Orr Izkovich, an Israeli-American undergrad at Baruch College, was recently accosted on the subway near Times Square by two Middle Eastern men who heard him speaking Hebrew. His years of martial arts training as a child allowed him to prevent the incident from escalating.
Still, what happened bothered him deeply.
“The event changed my perspective,” said Izkovich, who grew up in a secular family in Tel Aviv. “I wasn’t mad at those kids. They don’t know anything about Israel. But people need to get to know the truth about who we are.”
Today, Izkovich is reshaping people’s perceptions — or rather misperceptions — about Israel through art.
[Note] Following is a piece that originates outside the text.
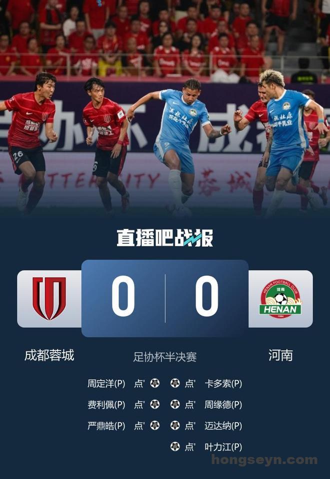 直播吧8月19日讯 北京时间8月19日19:35,足协杯半决赛,成都蓉城在五粮液体育文化中心体育场迎战河南队。上半场,阿奇姆彭奔袭后抽射中柱,马亚铲倒费利佩染黄;下半场,马亚头球中柱,王国明补时精彩两连扑。双方战成0-0平进入加时赛,加时赛30分钟两队仍未破门,比赛通过点球决胜。点球大战,罗慕洛、马亚失点,王国明扑出莱切特点球。最终,河南队4-3击败蓉城,率先闯入足协杯决赛。
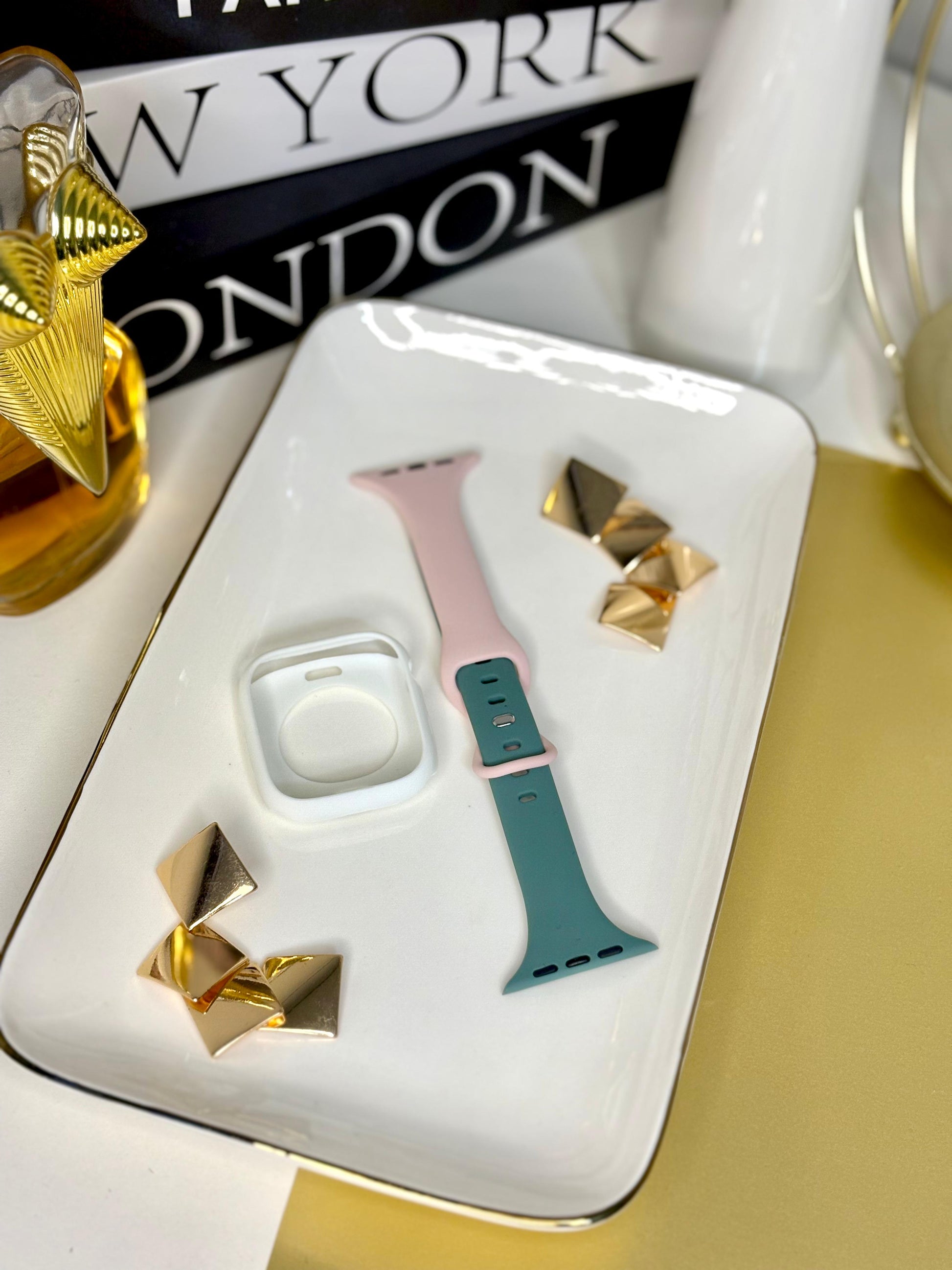 Correa Apple Watch Verde Tiffany y Rosa con Protector

In May 2016, he launched “Faces of Israel,” a photographic exhibition that displays the multilayered diversity of Israeli society. From an Arab nurse to a young Israeli Bedouin firefighter to a gay couple in Tel Aviv, Izkovich’s subjects suggest the project’s aims: to educate skeptics of Israel by showing a side of the country many don’t see.
“What bothers me the most is what people don’t know,” he said. “I want to show that this is not the society of occupiers — it is a society of people.”
On campus, Izkovich experienced the push towards BDS, a movement advocating boycott, divest and sanctions against Israel. He hopes his art can combat the movement.
“We want to [fight back] in a very apolitical way,” he said.
After a successful exhibition of the photographs at Baruch, Izkovich has brought the show to other college campuses, including NYU and Columbia. He plans to take the exhibit to at least 20 more college campuses next semester.
Growing up, he was neighbors with the late Prime Minister Yitzchak Rabin, whom he called “one of my heroes.” Izkovich served in the Israel Defense Forces, first in a combat unit and later, after injuring his back during the War of Lebanon, as a mentor to new soldiers. The injury did not leave him bitter.
“The first thing you do in a hard situation is introduce yourself,” he said. Reach out and shake the other person’s hand.”
Rock ’n roll: In April, Izkovich helped organize a Shlomo Artzi concert at Madison Square Garden to benefit ORT, an organization that brings educational and vocational programs to underprivileged children in 37 countries.